Specialty costing data in respect of hospitals which provide neurology services indicate that in-patient costs for this specialty for 2002 were over €19 million. This figure excludes costs in respect of neurology services provided in out-patient and accident and emergency departments and specialist day case activity, which are not routinely collected by my Department.

It is incorrect to claim that the report has just been published — it was published last spring. I am concerned about what has happened since then. It appears the Minister has simply commissioned yet another report, the review of rehabilitation services. While that is welcome, it does not indicate that there has been any significant progress in appointing neurologists. The review showed that Ireland is yet again at the bottom of the league, as it were, with the smallest ratio of neurologists to population. We have less than one third of the required number of neurologists. What has been done to provide additional neurologists since the report was published? How many neurologists have been approved or appointed?

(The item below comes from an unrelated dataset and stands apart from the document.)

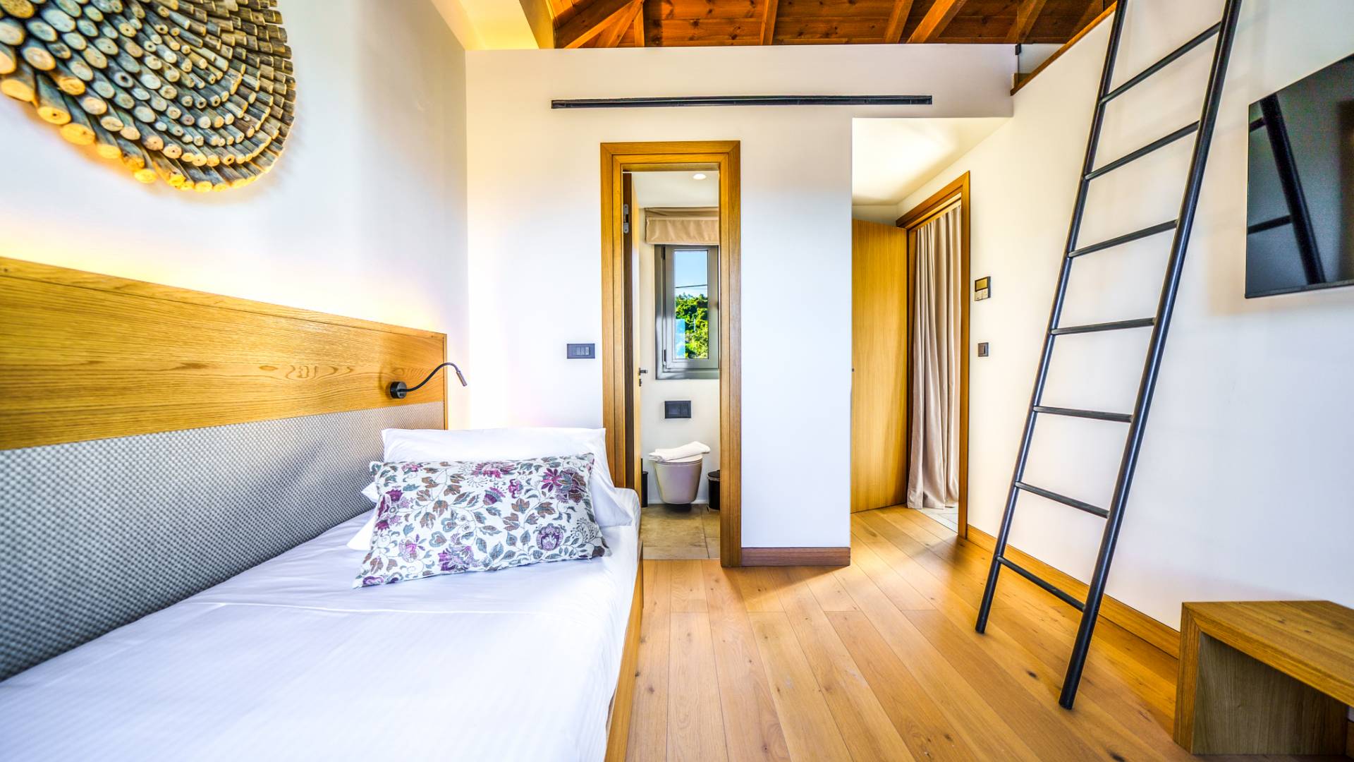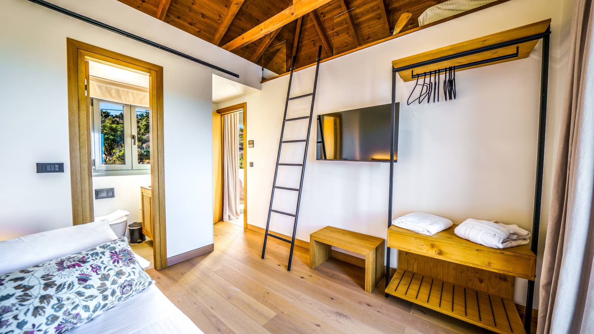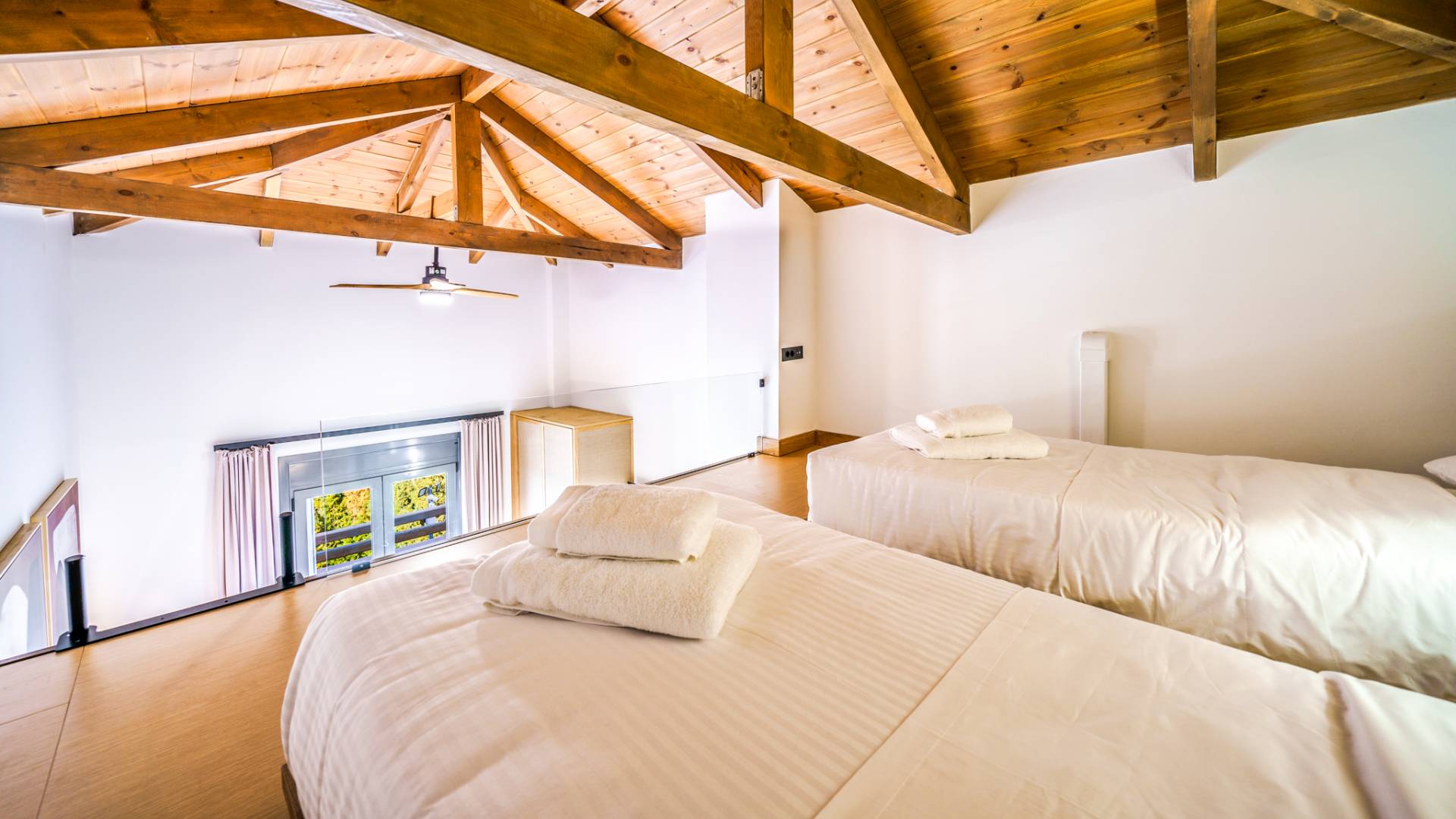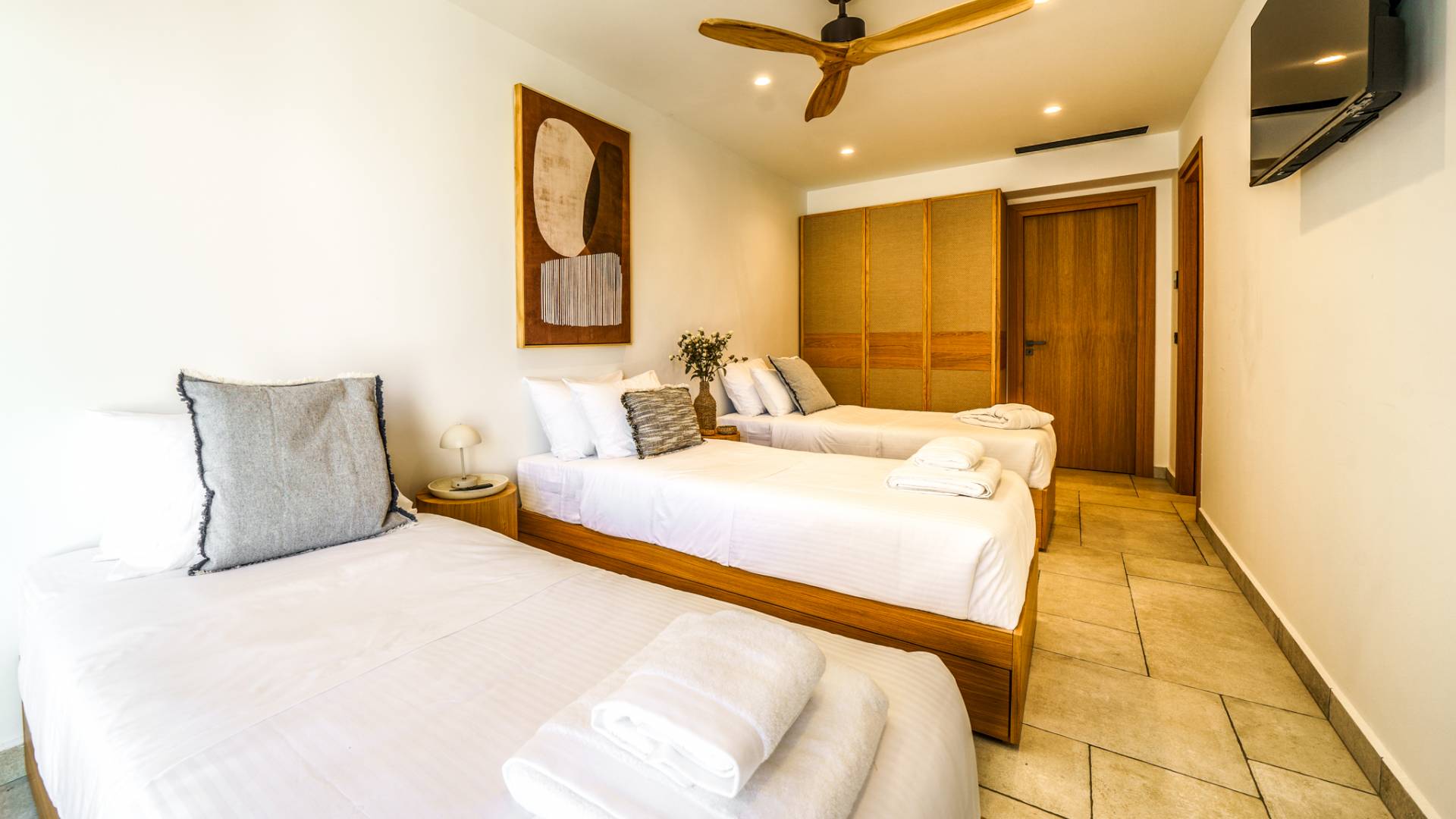 - Master Bedroom 3 with queen bed, 2 single beds (attic level) ensuite bathroom and private balcony with sea view

We have to consider how many additional consultants can be appointed in the context of the funding envelope that is available for this year and forthcoming years. There is a significant lead-in time from the date of sanctioning a consultant post to the post coming on stream. Generally, our consultant numbers across a range of specialties are below what pertains in other countries. That was the reason for the Hanly programme, the need for change in the consultants' contracts and the aim of doubling the number of consultants. There is caution, therefore, about making further dramatic increases in consultant numbers in certain specialties in advance of dealing with those critical issues.

There has been a dramatic increase in recent years in the number of consultants in the critical areas of cancer, cardiovascular and accident and emergency medicine. Unprecedented numbers of consultants were appointed. I will have to examine the financial envelope this year to see what can be done to advance the cause of neurology. I acknowledge the need for additional consultants in this area. The Comhairle na nOspidéal report was published too late for last year's financial envelope.

I am aware there is a long lead-in time from the time of sanction. That is the reason I asked if any appointments had been sanctioned. The Minister must be aware that neurological diseases can be treated and managed and the progress of the diseases can be postponed. The patient's quality of life can be immeasurably improved if the patient gets access to a neurologist and the neurologist's support team. The Minister said he opposes a dramatic increase in the numbers. I accept that this must be done in a planned and phased way, but has there been any increase? Is there any sense of urgency?

This is yet another specialty in which there is under-provision. The Minister spoke about the Hanly report and doubling the number of consultants, but this report has confirmed gross under-provision in neurology without an input from Hanly. However, there are no new consultants after more than eight months and there is no sign of any posts being sanctioned. Every day people are diagnosed with serious neurological illnesses and their outcomes are diminished by the fact that they cannot see a neurologist.

I do not dispute the need for additional consultants in neurology. However, I will have to examine how many additional posts can be sanctioned within the financial envelope available to me this year.